Incised, Punctured, and Contused Wounds of the Genital Organs.
These are not common as medico-legal cases. Self-castration or mutilation is sometimes practised by lunatics, idiots, or even intoxicated persons. Thus a man who, while intoxicated, cut off his genital organs and died the next day from the effects of hemorrhage was seen by Demarquay.[684] Circumcision in infants is also sometimes fatal from phlegmonous inflammation.[685]
Incised, lacerated, or contused wounds of the female genitals may be fatal from hemorrhage from many small vessels. Deeply incised wounds of the female genitals proves wilful and deliberate malice; accident is out of the question and suicide is improbable in such cases. But we sometimes have to determine between accidental, self-inflicted, and homicidal wounds of these parts, as accidental wounds may occasionally resemble those made by design and so may furnish more or less difficulty, unless all the circumstances are known. Thus Taylor[686] relates the case of a child in whom a sharp-pointed stick entered and passed through the posterior wall of the vagina as she fell from a tree. The stick was removed by a woman, and the child died in a little over a day from peritonitis.
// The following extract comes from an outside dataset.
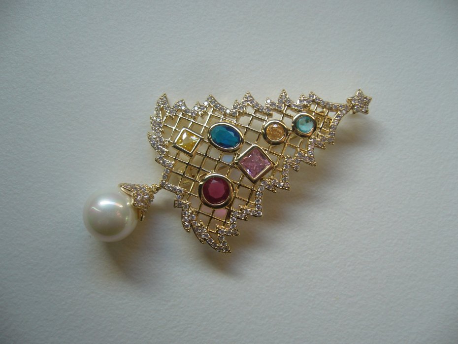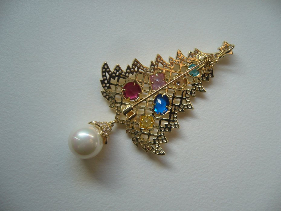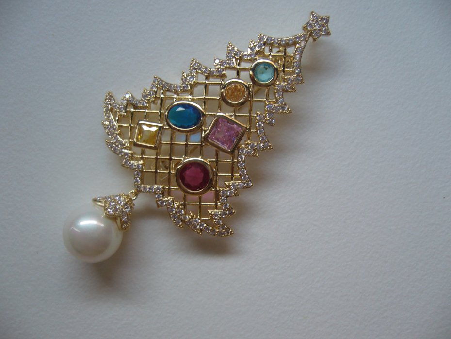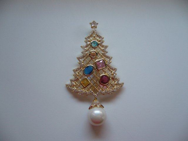 Piękna pozłacana świąteczna broszka choinka,wysadzana szklanymi cyrkoniami zdobiona perełką, perełka jest ruchoma

Unless the circumstances were known, this case might have caused suspicion of homicide.
Lunatics, idiots, and drunkards sometimes inflict on themselves wounds unlike ordinary suicidal ones. In other cases the various points we have enumerated in a previous section to distinguish between suicide, homicide, and accident may be applied to solve the case.
Contused wounds, such as kicks, etc., of the female genitals may be fatal from hemorrhage due to the laceration of the parts.[687] Like the wounds of the eyebrows, contused wounds of the vulva may sometimes resemble incised wounds owing to the sharp bony surfaces beneath. Careful examination allows a discrimination to be made from incised wounds. If hemorrhage occurs a long time after the alleged violence, it is probably due to natural causes, especially in cases of metrorrhagia, etc. It may be alleged in defence that contused wounds of the female genitals were inflicted post mortem, but besides the other features which we have already seen help to distinguish between ante-mortem and post-mortem wounds, we may add that kicks and other contusions of the vulva, if fatal, are so from hemorrhage or effusion of blood, and no post-mortem hemorrhage is enough to cause death.